Records from a data collection
>>>>>

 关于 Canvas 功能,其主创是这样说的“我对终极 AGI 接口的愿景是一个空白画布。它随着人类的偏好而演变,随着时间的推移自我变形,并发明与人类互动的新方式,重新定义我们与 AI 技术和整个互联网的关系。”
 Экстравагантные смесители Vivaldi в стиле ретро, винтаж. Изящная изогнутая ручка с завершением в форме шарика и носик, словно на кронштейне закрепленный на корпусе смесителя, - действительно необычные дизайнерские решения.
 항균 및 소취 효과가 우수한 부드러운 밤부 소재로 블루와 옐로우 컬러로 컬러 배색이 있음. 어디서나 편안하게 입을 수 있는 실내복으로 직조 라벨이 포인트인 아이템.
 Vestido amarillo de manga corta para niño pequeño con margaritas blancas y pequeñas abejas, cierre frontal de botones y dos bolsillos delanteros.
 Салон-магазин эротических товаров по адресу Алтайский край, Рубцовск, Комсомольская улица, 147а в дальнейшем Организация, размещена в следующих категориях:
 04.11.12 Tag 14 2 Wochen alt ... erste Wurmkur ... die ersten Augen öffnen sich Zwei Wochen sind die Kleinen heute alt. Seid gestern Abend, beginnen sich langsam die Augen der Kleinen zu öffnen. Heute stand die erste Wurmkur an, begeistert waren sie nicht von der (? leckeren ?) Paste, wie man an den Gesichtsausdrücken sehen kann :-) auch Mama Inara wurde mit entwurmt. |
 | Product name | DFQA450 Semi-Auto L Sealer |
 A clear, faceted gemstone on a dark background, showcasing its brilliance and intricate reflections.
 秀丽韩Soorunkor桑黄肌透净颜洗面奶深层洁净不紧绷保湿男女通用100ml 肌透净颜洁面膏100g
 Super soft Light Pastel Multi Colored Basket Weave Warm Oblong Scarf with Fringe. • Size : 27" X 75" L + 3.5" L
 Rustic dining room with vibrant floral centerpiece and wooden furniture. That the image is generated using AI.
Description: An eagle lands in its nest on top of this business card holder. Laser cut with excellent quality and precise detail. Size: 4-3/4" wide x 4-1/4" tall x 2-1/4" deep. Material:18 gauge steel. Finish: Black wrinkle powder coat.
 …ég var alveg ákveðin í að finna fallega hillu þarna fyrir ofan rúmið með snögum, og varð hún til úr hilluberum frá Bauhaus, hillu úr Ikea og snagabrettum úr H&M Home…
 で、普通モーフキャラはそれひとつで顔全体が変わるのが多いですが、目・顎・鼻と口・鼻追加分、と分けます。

<<<<<

**Task requirements:** Each line above should appear again, reproduced exactly.

**Response below:**
 关于 Canvas 功能,其主创是这样说的“我对终极 AGI 接口的愿景是一个空白画布。它随着人类的偏好而演变,随着时间的推移自我变形,并发明与人类互动的新方式,重新定义我们与 AI 技术和整个互联网的关系。”
 Экстравагантные смесители Vivaldi в стиле ретро, винтаж. Изящная изогнутая ручка с завершением в форме шарика и носик, словно на кронштейне закрепленный на корпусе смесителя, - действительно необычные дизайнерские решения.
 항균 및 소취 효과가 우수한 부드러운 밤부 소재로 블루와 옐로우 컬러로 컬러 배색이 있음. 어디서나 편안하게 입을 수 있는 실내복으로 직조 라벨이 포인트인 아이템.
 Vestido amarillo de manga corta para niño pequeño con margaritas blancas y pequeñas abejas, cierre frontal de botones y dos bolsillos delanteros.
 Салон-магазин эротических товаров по адресу Алтайский край, Рубцовск, Комсомольская улица, 147а в дальнейшем Организация, размещена в следующих категориях:
 04.11.12 Tag 14 2 Wochen alt ... erste Wurmkur ... die ersten Augen öffnen sich Zwei Wochen sind die Kleinen heute alt. Seid gestern Abend, beginnen sich langsam die Augen der Kleinen zu öffnen. Heute stand die erste Wurmkur an, begeistert waren sie nicht von der (? leckeren ?) Paste, wie man an den Gesichtsausdrücken sehen kann :-) auch Mama Inara wurde mit entwurmt. |
 | Product name | DFQA450 Semi-Auto L Sealer |
 A clear, faceted gemstone on a dark background, showcasing its brilliance and intricate reflections.
 秀丽韩Soorunkor桑黄肌透净颜洗面奶深层洁净不紧绷保湿男女通用100ml 肌透净颜洁面膏100g
 Super soft Light Pastel Multi Colored Basket Weave Warm Oblong Scarf with Fringe. • Size : 27" X 75" L + 3.5" L
 Rustic dining room with vibrant floral centerpiece and wooden furniture. That the image is generated using AI.
Description: An eagle lands in its nest on top of this business card holder. Laser cut with excellent quality and precise detail. Size: 4-3/4" wide x 4-1/4" tall x 2-1/4" deep. Material:18 gauge steel. Finish: Black wrinkle powder coat.
 …ég var alveg ákveðin í að finna fallega hillu þarna fyrir ofan rúmið með snögum, og varð hún til úr hilluberum frá Bauhaus, hillu úr Ikea og snagabrettum úr H&M Home…
 で、普通モーフキャラはそれひとつで顔全体が変わるのが多いですが、目・顎・鼻と口・鼻追加分、と分けます。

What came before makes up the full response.